Highlights of some of the artefacts that can be found at the British Music Experience include:
- Handwritten lyrics from Coldplay
- Some of Elton John's glasses
- Five Spice Girls outfits
- Humphrey Lyttelton's VE-Day trumpet
- David Bowie's Ziggy Stardust costume
- Noel Gallagher's Union Jack guitar
- Iron Maiden's Eddie the Head Icon
- Roger Daltrey's outfit from a gig at Woodstock
- Amy Winehouse's dress from her 'Tears Dry on Their Own' video
- Guitars from Keith Richards, Bill Wyman, Pete Townshend, Brian May, Jamie Cook and Paul Weller

== Learning and public programmes ==
The BME regularly hosts learning and public programmes and temporary exhibitions to delve deeper into a band's artistry or music trends and movements.

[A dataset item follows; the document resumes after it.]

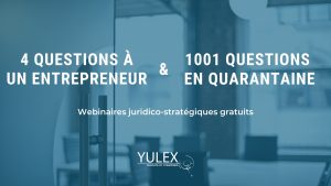 Il y a quelques semaines, YULEX a lancé une série de webinaires gratuits intitulée 4 Questions en quarantaine, diffusée sur Zoom, les mardis et les jeudis midi. Puisque cette série a été fortement appréciée au sein de notre écosystème numérique et que nous voulons diversifier davantage notre offre de contenus, nous avons décliné 4 Questions en quarantaine en trois versions de webinaires gratuits :
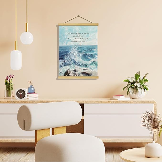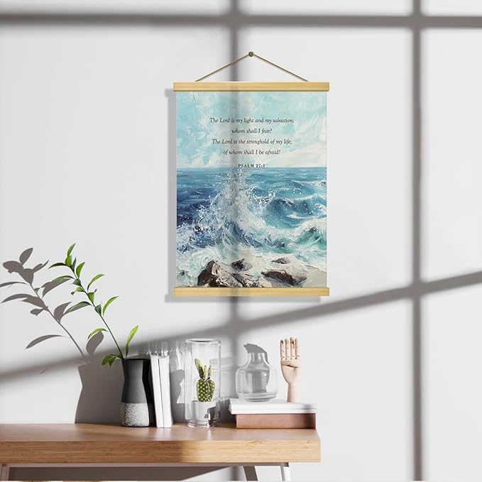 Christian Canvas Poster, Psalm 27:1 Canvas Poster Wood Hanger, Christian Wall Art, Bible Verse Posters, William Morris Prints Decor, Ocean Watercolor Decors, Home Decor Accent

Past events and exhibitions have included:

- Bon Jovi: Master class/gig
- The Faces: Master class/gig
- Emile Sande: Master class
- Frank Turner: Master class
- Imogen Heap: Master class
- Rudimental: Master class
- Daniel Kramer: Photographs Of Bob Dylan
- Rip This Joint: The Rolling Stones 1972. Photographs by Jim Marshall
- Messenger: Bob Marley Exhibition
- Rated R: Rihanna Exhibition

BME offers interactive workshops and seminars for schools tied to key stage objectives in the National Curriculum, including subjects such as geography, ICT, citizenship, careers, design and pop culture.